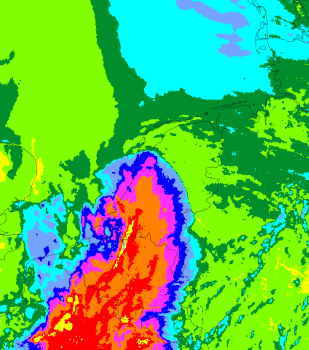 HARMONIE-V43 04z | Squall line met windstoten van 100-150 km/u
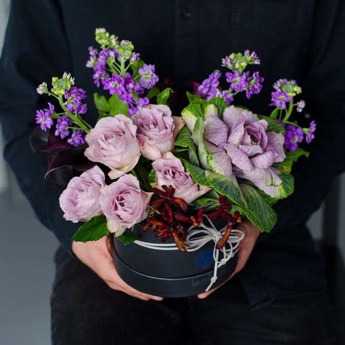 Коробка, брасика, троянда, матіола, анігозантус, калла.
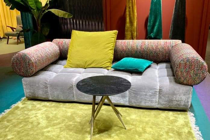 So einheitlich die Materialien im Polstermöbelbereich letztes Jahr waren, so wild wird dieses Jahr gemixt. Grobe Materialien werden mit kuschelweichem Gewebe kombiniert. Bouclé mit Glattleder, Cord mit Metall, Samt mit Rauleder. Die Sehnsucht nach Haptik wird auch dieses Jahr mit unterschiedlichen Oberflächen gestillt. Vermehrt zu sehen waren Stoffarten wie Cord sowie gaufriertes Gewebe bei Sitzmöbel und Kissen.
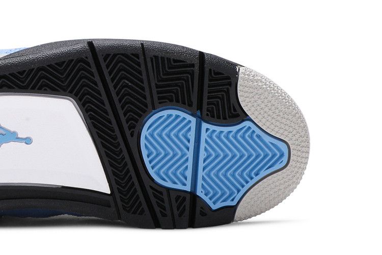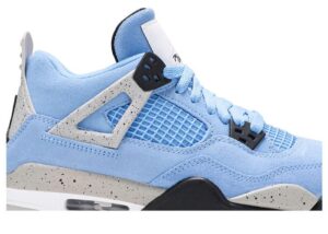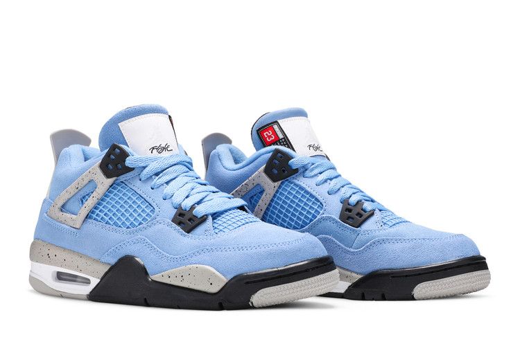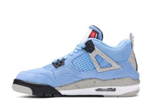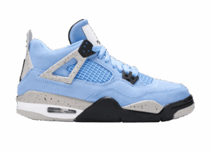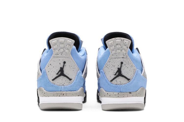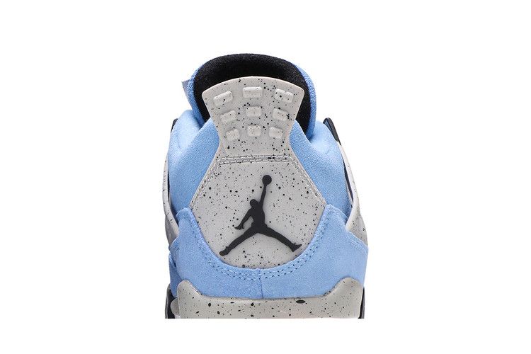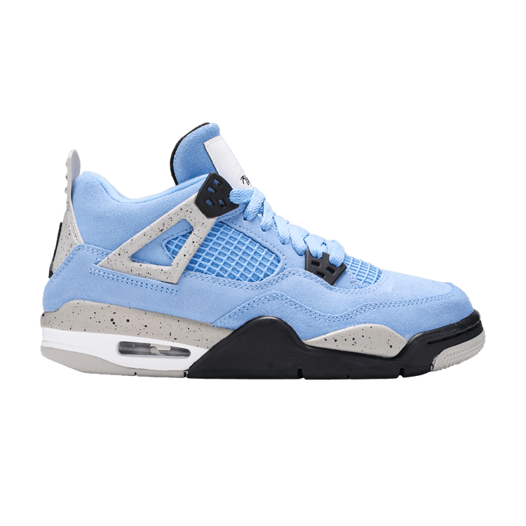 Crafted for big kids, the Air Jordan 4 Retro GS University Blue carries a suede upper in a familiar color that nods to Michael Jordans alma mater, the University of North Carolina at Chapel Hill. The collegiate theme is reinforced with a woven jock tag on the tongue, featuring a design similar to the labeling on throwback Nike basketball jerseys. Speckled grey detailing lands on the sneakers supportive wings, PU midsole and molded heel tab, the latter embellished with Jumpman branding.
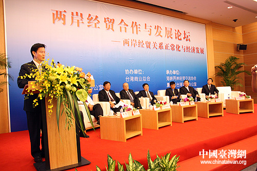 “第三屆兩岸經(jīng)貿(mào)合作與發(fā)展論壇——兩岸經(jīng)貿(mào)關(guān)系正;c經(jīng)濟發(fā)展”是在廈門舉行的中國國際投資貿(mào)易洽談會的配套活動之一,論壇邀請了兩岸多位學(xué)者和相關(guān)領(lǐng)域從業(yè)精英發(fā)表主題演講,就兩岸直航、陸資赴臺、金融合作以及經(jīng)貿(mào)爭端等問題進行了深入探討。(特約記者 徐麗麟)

Work task:
Only the lines from the one containing "Crafted for big" through the end of the records are wanted, set down exactly and without their pictures.

Expected answer:
 Crafted for big kids, the Air Jordan 4 Retro GS University Blue carries a suede upper in a familiar color that nods to Michael Jordans alma mater, the University of North Carolina at Chapel Hill. The collegiate theme is reinforced with a woven jock tag on the tongue, featuring a design similar to the labeling on throwback Nike basketball jerseys. Speckled grey detailing lands on the sneakers supportive wings, PU midsole and molded heel tab, the latter embellished with Jumpman branding.
 “第三屆兩岸經(jīng)貿(mào)合作與發(fā)展論壇——兩岸經(jīng)貿(mào)關(guān)系正;c經(jīng)濟發(fā)展”是在廈門舉行的中國國際投資貿(mào)易洽談會的配套活動之一,論壇邀請了兩岸多位學(xué)者和相關(guān)領(lǐng)域從業(yè)精英發(fā)表主題演講,就兩岸直航、陸資赴臺、金融合作以及經(jīng)貿(mào)爭端等問題進行了深入探討。(特約記者 徐麗麟)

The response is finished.